I am a regular user of PlantUML, as such, sometimes I am confronted to escape special character in my diagrams, in this post I show you how to do it.

Escaping newline

Escaping a newline \n in PlantUML is easy, you have to write a second backslash \\n. This also works for \r character.

Let’s see an example, in the following PlantUML diagram I want to write Use \n and not \r\n. but the result is not the expected one:

@startuml
class Article {
- text
+ getText()
}
note "Use \n and not \r\n" as N2
Article . N2
@enduml

Article class

To fix this we escape backslash character using a second backslash for \n and for \r as well, therefore this is the string we have to use Use \\n and not \\r\\n.. This is the final result:

@startuml
class Article {
- text
+ getText()
}
note "Use \\n and not \\r\\n" as N2
Article . N2
@enduml

Fixed Article class

Escaping other characters

The real problem comes with another characters, depending on the type a diagram, a character might Let see an example, in the following diagram we want to replace composer by composer (dev), we can’t simply add the aditional text since parentheses are used to crate the oval shape simply adding (dev) will generate a syntax error.

@startuml
(setup) <-- (composer)
(setup) <-- (phpunit)
@enduml

escaping parentheses

The solution is to use Unicode codepoints, with codepoints you can write any character without creating a syntax error. In our example we must use the following codepoints:

  1. ( can be written as <U+0028>
  2. and ) can be written as <U+0029>

So our final code is:

@startuml
(setup) <-- (composer <U+0028>dev<U+0029>)
(setup) <-- (phpunit)
@enduml

escaping parentheses

Getting a character’s codepoint

When you need to get the endpoint of certain character, you can search in internet, for example you can use https://codepoints.net/.

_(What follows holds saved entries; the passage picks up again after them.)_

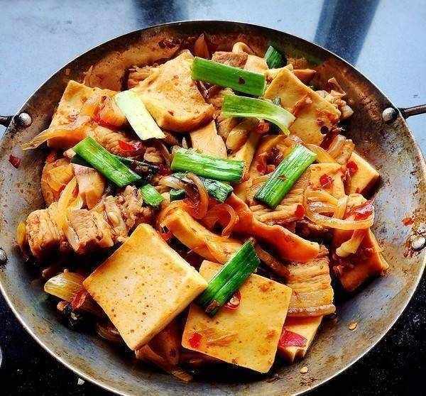 3、然後加入郫縣豆瓣炒香,倒入千片豆腐;繼續炒至豆腐上色;
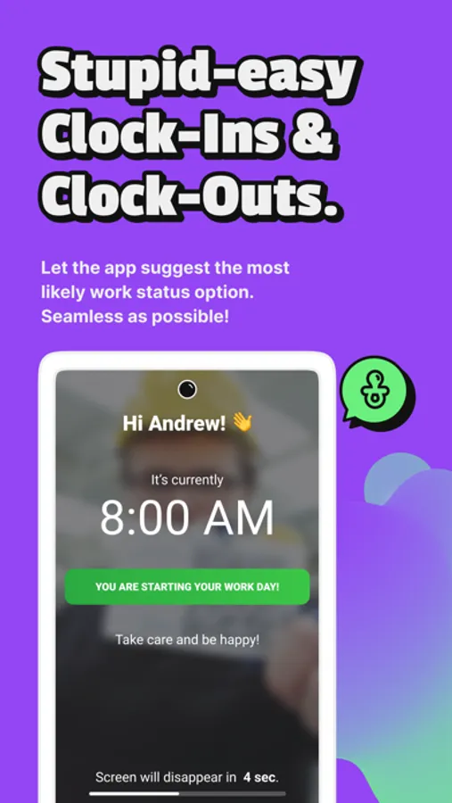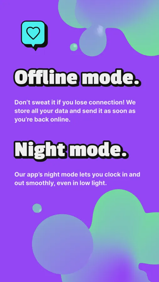 The app even has a night mode that lets you clock in and out smoothly, even in low light.
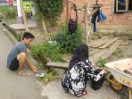 Dengan membawa peralatan sendiri dari rumah, Karang Taruna Desa sangat bersemangat melaksanakan kegiatan gotong royong tersebut.
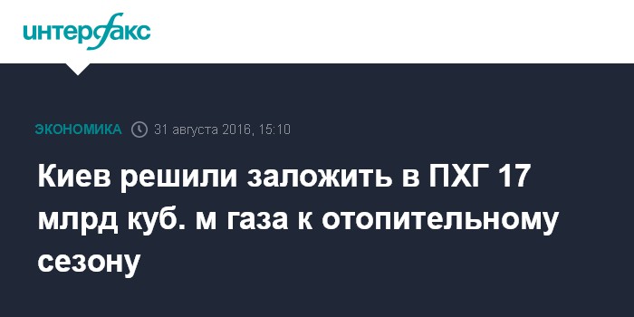 Москва. 31 августа. INTERFAX.RU - Кабинет министров Украины решил сформировать запас в объеме 17 млрд куб. м газа в подземных хранилищах газа (ПХГ) к началу отопительного сезона, сообщил первый вице-премьер Степан Кубив на брифинге в Киеве в среду.
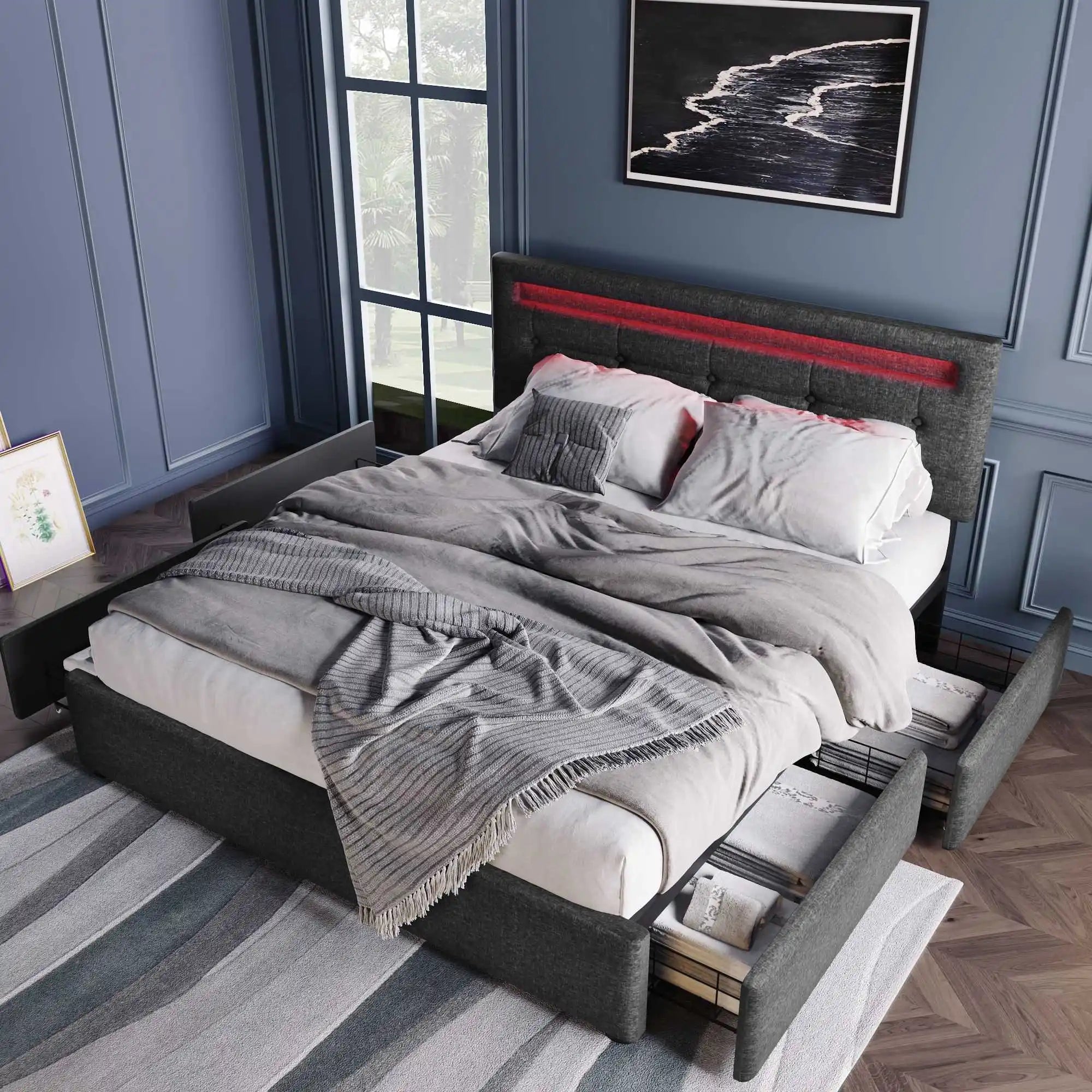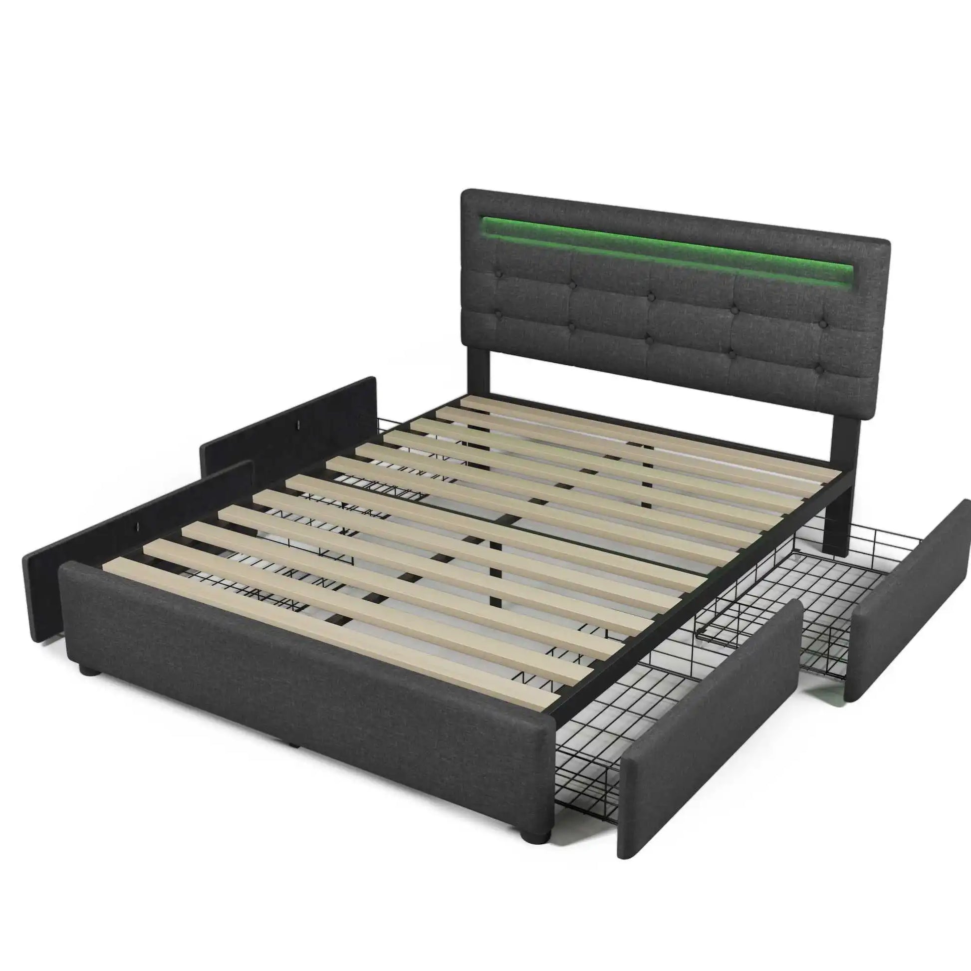 Szara tapicerowana rama łóżka z podświetlanym zagłówkiem i szufladami
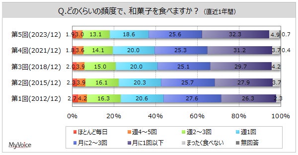 <今 回>(2023/12)https://myel.myvoice.jp/products/detail.php?product_id=30503 上記設問の他に、「和菓子の嗜好度」「和菓子の購入目的」も聞いています。 <第4回>(2021/12)https://myel.myvoice.jp/products/detail.php?product_id=28103 <第3回>(2018/12)https://myel.myvoice.jp/products/detail.php?product_id=24502 |
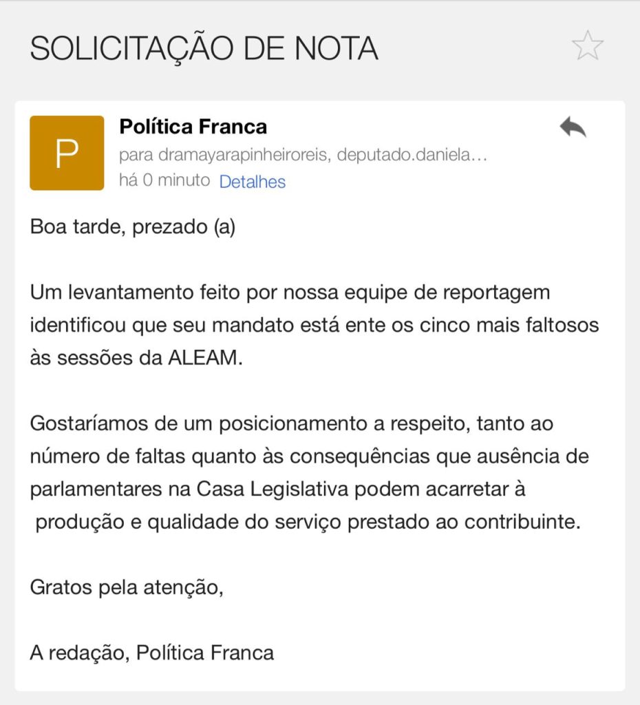 A lista dos cinco mais faltosos inclui duas mulheres e o presidente da Assembleia Legislativa do Amazonas (Aleam). Os dados de todos estão disponíveis no próprio site da Casa, no SAPL.
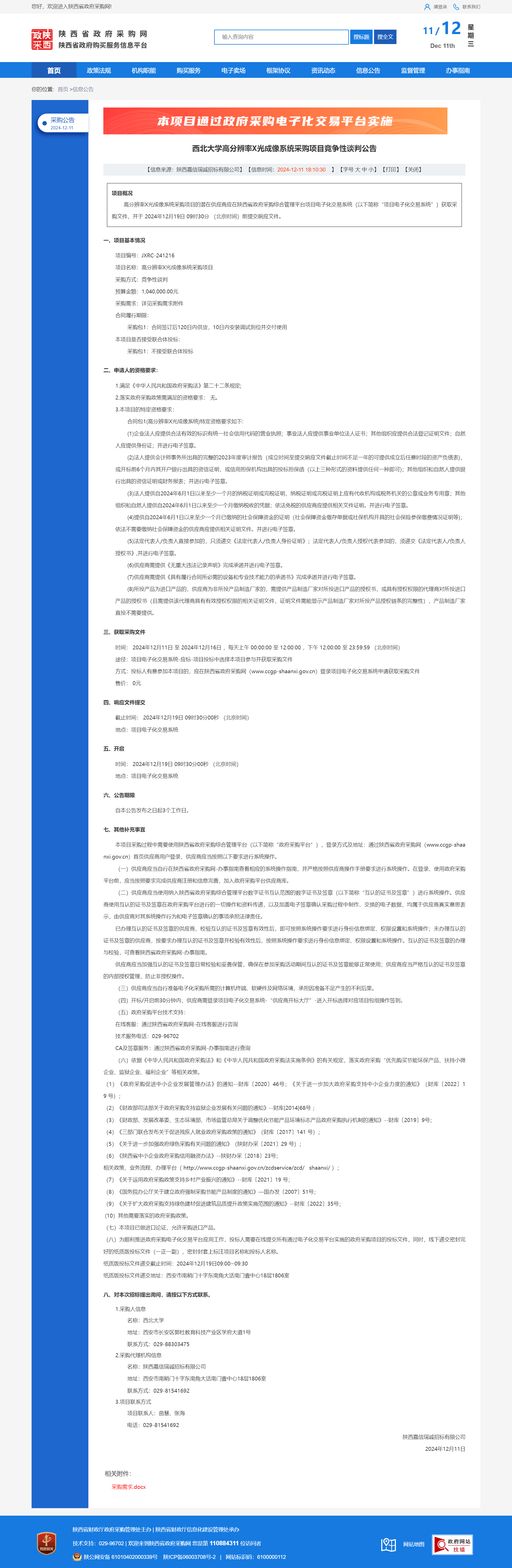 欧冠官方网站高分辨率X光成像系统采购项目竞争性谈判公告 作者:采购与招标办公室 编辑: 时间:2024-12-11 原公告链接:https://www.ccgp-shaanxi.gov.cn/freecms/site/shaanxi/ggxx/info/2024/8a69c251921857370193b5010b9638d3.html?noticeType=001013¬iceId=c4fa68de-b7a9-11ef-8063-08c0eb20c666

If you want to get the codepoint using PHP, then you can use the following code snippet:

// codepoint.php
$character = 'Ñ';
$codepoint = str_pad(dechex(IntlChar::ord($character)), 4, '0', STR_PAD_LEFT);
echo "<U+$codepoint>", PHP_EOL; // <U+00d1>

Conclusion

When confronted with a syntax error, first try to escape that character with \ because, besides \r and \n, other character can also can be escaped with backslash. If backslash doesn’t work then you must use unicode codepoints.